Eventually he gets around to the origins of modernism and some pointed observations about its progenitors:
"Who takes it from here on in and says, I've got it, folks? I'll take care of it, you don't have to worry about it now. Who takes care of it? I'll tell you who. The worst possible person, unfortunately. His name was Marinetti. The leader of the Futurists. Filippo Tommaso Marinetti. Manic Phil, who marinated the 20th century in his influence. Marinetti was aggressive, he wanted to change things, and he wanted to break things. He wanted old buildings leveled. He wanted Venice blown up. He was a great writer of manifestos. Or manifesti."
But then we're caught up in a finger injury he incurs while toting a computer downstairs: "And I knew that I was going to be fine, but that I might not be able to type for a while, which would give me a reprieve on writing my introduction. A great whimpery happiness passed through me like clear urine."
When you can talk like this, almost anything you say is going to be entertaining.
But this isn't almost anything; this is the dread subject, poetry. As time and Amazon rankings have proved, readers shrink in trembling bewilderment from descriptions like "paeonic foot" ("There's a useless term for you," Chowder says, and he's right). Yet take heart. While it's true that Baker charges directly at technical aspects of verse, it's also the case that these rambling semi-lessons are delivered much in the spirit in which a mildly drunken Penn Jillette might discuss David Blaine's latest attempt to bury/burn/defenestrate himself.

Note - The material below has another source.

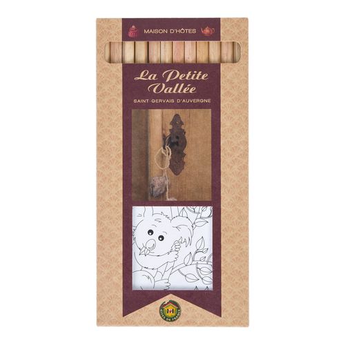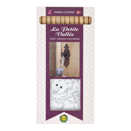 KIT COLORIAGE DE 12 CRAYONS de COULEUR ECO 8,7 cm, HEXAgonaux, SANS VERNIS, tête coupée - BLOC de 50 feuillETs dont 12 coloriages ET 38 feuilles VIERGES

Here, for instance, is Chowder on pentameter: "People are going to feed you all kinds of oyster crackers about iambic pentameter. They're going to say, Oh ho ho, iambic pentameter! The centrality of the five-stress line! Because 'pent' is five in Babylonian, and five is the number of fingers on your hand, and five is the number of slices of American cheese you can eat in one sitting."
Chowder's own theory, which he returns to throughout the book, is that the "true" English line has a three-beat "slow waltz" rhythm ("How SMALL of all that HUman hearts enDURE") or a six-beat rhythm in which the last beat is a rest ("All HUman THINGS are SUBject TO deCAY [rest]").
The proposition is not what you'd call bullet-proof, but that's beside the point -- this kind of spouting off is exactly what we do when we read poetry privately, or are talking to people we aren't trying to impress.
There's a hoary but still useful distinction to be made between poetry as the chilly, brilliant, stellar sweep of millions of combinations of words over centuries -- as the product of thousands of minds moving upon silence, in Yeats's phrasing -- and the warmer, occasionally sentimental way in which individual readers find meaning in the smaller, match-lit pleasures of stanzas, words, lines and bits of trivia.
This latter aspect is what Baker has set out to capture in "The Anthologist." It's easy to underestimates this project, because in its lesser incarnations it so often comes swaddled in layers of hokum about feelings and hearts and "being human." But it's a vital part of poetry. "Poetry is a controlled refinement of sobbing," Chowder says. Well, no. But also: yes. We read poems because they have a knack for mattering. And how pleasing it is to be so gently, so poetically reminded of that.